What needs to be done: Using the material below, print the line that contains "Of course, the", the line that contains "Olli by Local", and every line in between, exactly and nothing else.

Source data:
· · · ·

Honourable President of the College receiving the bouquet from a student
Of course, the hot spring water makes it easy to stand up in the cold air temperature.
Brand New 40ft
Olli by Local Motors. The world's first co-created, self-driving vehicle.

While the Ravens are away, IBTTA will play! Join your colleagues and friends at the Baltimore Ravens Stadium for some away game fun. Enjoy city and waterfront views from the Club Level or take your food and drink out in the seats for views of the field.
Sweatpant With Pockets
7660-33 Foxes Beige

· · · ·

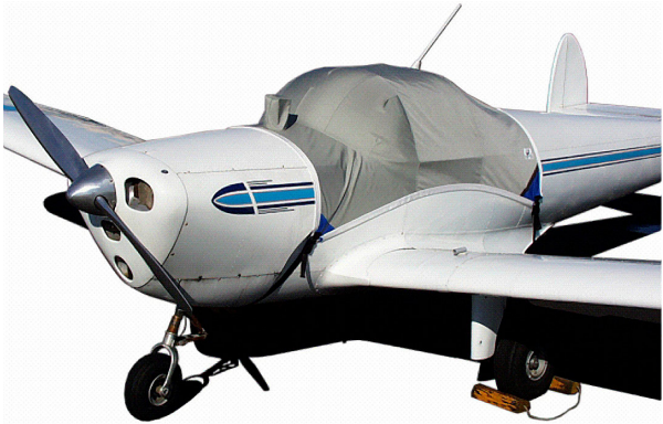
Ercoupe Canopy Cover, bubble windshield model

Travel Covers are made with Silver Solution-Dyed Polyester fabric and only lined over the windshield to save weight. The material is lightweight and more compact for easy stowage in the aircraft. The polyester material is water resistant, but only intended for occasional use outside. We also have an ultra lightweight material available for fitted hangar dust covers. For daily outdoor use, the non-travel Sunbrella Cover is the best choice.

· · · ·

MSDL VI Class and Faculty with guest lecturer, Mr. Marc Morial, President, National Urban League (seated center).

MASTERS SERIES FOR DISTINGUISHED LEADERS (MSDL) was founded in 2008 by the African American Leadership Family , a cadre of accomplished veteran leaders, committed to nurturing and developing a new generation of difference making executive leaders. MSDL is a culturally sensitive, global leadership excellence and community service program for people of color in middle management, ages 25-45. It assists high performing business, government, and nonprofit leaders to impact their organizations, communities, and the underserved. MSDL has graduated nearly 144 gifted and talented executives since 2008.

· · · ·

Task answer:
Of course, the hot spring water makes it easy to stand up in the cold air temperature.
Brand New 40ft
Olli by Local Motors. The world's first co-created, self-driving vehicle.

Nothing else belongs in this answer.